A MESSAGE TO THE TENNESSEE SENATE
STATE AND LOCAL GOVERNMENT COMMITTEE

April 17, 2007

SB 162 Prohibits state agencies from prohibiting use of American Indian symbols, names and mascots

The Tennessee State Commission of Indian Affairs opposes this bill because it singles out a minority denying Native American Indians Equal Protection under the law. (December 2, 2006, TCIA fourth quarterly meeting in Memphis, TN)

Mr. Chairman Sen. Ketron, and other distinguished members of this committee, thank you for allowing me to speak this morning.

My name is Evangeline Watson-Lynch and I live in West Tennessee. I am a full-blood Choctaw Indian and a member of a Federally-Recognized Tribe, the Choctaw Nation of Oklahoma, a tribe also indigenous to West Tennessee. I am also the chairperson of the Tennessee Commission of Indian Affairs.

I am a former public school teacher having taught the last twenty-one years teaching the Learning Disabled at the Obion County Central High School in Obion County. I taught in the English Department for all four grades, from freshmen to seniors, but the principal also gave me the privilege of teaching an American history class most of those twenty-one years. He was also sensitive enough to allow me to have full freedom to write my own curriculum truthfully, such as beginning the classes with a story that our continent was inhabited by real people before 1492, a people called the First Americans, the indigenous people of this continent that included many, many different tribes.

The use of (eagle) feathers, Sacred Pipes (miscalled peace pipes), sacred drums. the dances, the Indian songs, even painted faces are all part of sacred ceremonies used by Native American Indians and misused by non-Indians as "rituals" at sports games where they also misuse our tribal names with the addition of horrendous caricatures. Senators, the misuse of them are direct attacks upon our ancient spirituality (religion). My point is that there is a national insensitivity concerning the religious beliefs, traditional values and the unique culture of the Native American Indian.

The Preambles that was added to the House of Representative's Bill have little meaning. They are merely suggestions, not a mandate that public institutions provide any education about us, the Native American Indian.
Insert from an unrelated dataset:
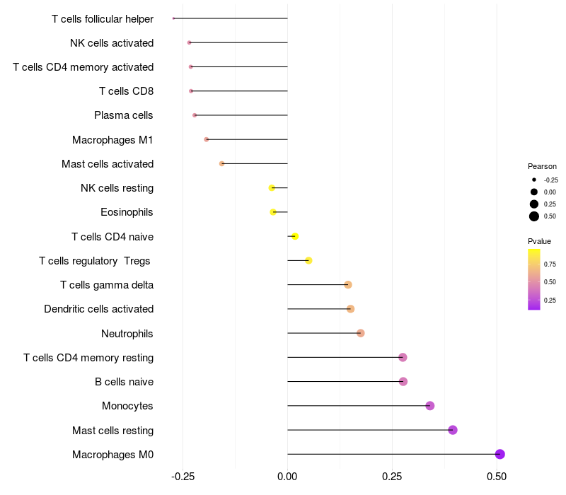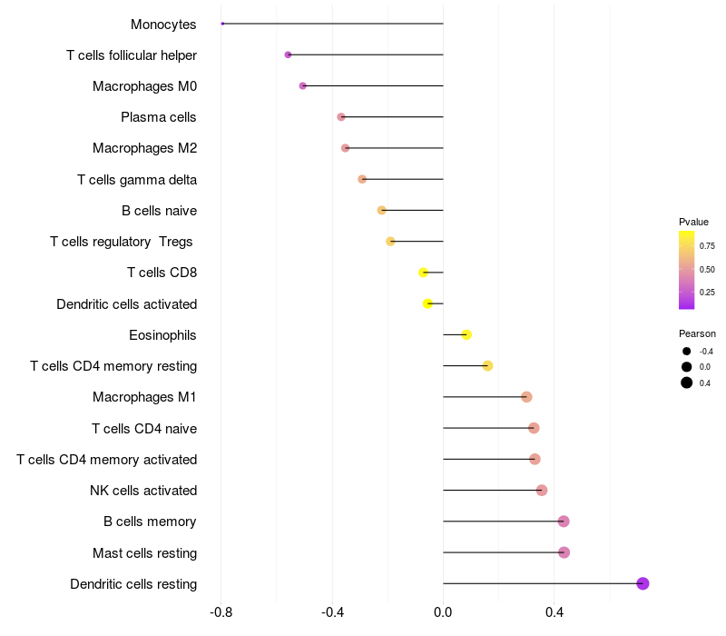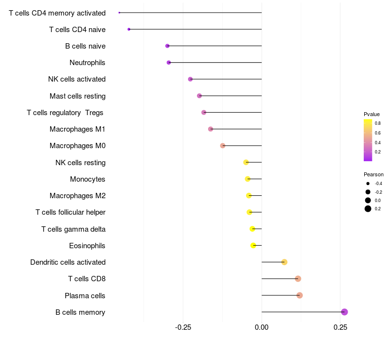 Lollipop of LOC100133286 expression and immune infiltrating cell level correlation result in EBV+ samples

May I remind you that on March 17, 2007, the Tennessee Commission of Indian Affairs went on record opposing SB 162 due to the fact that we were not consulted as to how the Bill should be written. However, in December 2005, it was discussed and passed by the Commission of Indian Affairs to have a dialogue with legislators how we can work together to provide education about Native American Indians.
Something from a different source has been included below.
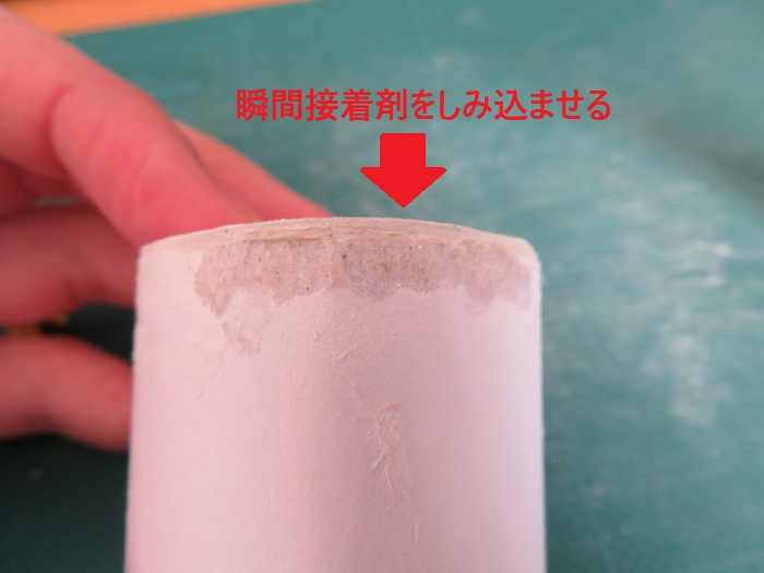 けば立った紙の表面には瞬間接着剤をしみ込ませて、乾燥させたら表面を鳴らすためにやすりがけを行います。

This Bill, if passed into law, singles out one single group of people, the Native American Indians, which denies us equal protection under the law. It would be a violation of our Civil Rights - and unconstitutional. You, as Senators and members of this committee, know the right thing to do. Look at me! I am a human being! Remember, please, that we, the Native American Indians of this continent and residents of this state, are human beings created equally in the eyes of and by the hands of the Creator.

Yakoke.

Evangeline W. Lynch
April 17, 2007



Delivered to the Tennessee Senate State & Local Government Committee on Tuesday,
17 April 2007. The sponsor of SB 162, Senator Bunch, did not attend the meeting.